KARACHI: After the announcement of a special package for the construction sector by Prime Minister Imran Khan, the steel industry has asked the prime minister to allow him to continue operations because without steel, the construction segment will not be able to move forward.

Secretary General of the Pakistan Association of Major Steel Producers Syed Wajid Bukhari praised the announcement, saying the stimulus would open up employment opportunities for the country’s workforce.

“It goes without saying that steel is the backbone of the construction industry. We urge the government to immediately open the steel sector, especially all factories which have labor colonies or housing arrangements for their workforce within their factory location, “he added.

The official pointed out that many steel companies have arrangements for their employees around the plant and that 70-80% of the industry can function through these employees in line with the safety measures needed to combat Covid-19.

“In our view that is well considered, unless the government allows the steel sector to start production, it is not possible for the construction sector to take on its projects.”
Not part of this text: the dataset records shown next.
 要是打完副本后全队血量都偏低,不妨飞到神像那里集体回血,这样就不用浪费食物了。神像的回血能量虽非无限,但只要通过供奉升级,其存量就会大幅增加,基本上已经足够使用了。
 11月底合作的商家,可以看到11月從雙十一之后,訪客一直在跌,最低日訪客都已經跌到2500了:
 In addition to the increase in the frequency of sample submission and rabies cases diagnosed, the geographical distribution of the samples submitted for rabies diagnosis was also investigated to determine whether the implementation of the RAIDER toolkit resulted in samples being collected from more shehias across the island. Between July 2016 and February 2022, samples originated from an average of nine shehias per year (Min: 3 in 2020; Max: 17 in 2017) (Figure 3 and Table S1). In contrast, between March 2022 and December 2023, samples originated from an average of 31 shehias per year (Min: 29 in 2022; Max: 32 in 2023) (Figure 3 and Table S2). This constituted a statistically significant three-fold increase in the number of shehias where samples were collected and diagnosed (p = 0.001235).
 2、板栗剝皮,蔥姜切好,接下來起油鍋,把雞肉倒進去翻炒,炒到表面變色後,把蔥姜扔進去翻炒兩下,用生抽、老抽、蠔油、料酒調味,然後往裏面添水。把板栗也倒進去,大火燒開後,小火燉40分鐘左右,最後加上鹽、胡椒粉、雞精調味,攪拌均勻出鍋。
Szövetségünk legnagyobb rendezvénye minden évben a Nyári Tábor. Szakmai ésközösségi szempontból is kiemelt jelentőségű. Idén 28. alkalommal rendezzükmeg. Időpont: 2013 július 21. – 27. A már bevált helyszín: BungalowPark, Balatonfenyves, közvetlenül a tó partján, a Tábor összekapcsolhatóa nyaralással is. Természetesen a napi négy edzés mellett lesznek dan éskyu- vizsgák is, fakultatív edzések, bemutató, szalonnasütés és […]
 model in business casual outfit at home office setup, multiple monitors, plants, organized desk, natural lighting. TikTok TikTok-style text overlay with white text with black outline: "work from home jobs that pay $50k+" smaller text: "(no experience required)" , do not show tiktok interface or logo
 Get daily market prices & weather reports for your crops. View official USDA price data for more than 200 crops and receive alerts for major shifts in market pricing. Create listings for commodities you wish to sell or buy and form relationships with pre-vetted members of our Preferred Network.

Bukhari said the delay in opening the steel plant to start production could cause delays in all government initiatives to revive the construction sector, adding that the government had allowed the cement sector to resume operations. The official lamented that the sector had already suffered and faced further decline when the rupee depreciated.

“Rupees have lost nearly 40% of their value to the dollar in the past year, and another blow came to the steel sector when interest rates skyrocketed to one of its historic peaks.” He said the withdrawal of the 2007 Special Procedure Regulations for the steel sector in the previous budget also came as a blow, which doubled taxes to around 17%.

Published in The Express Tribune, 7 Aprilth, 2020.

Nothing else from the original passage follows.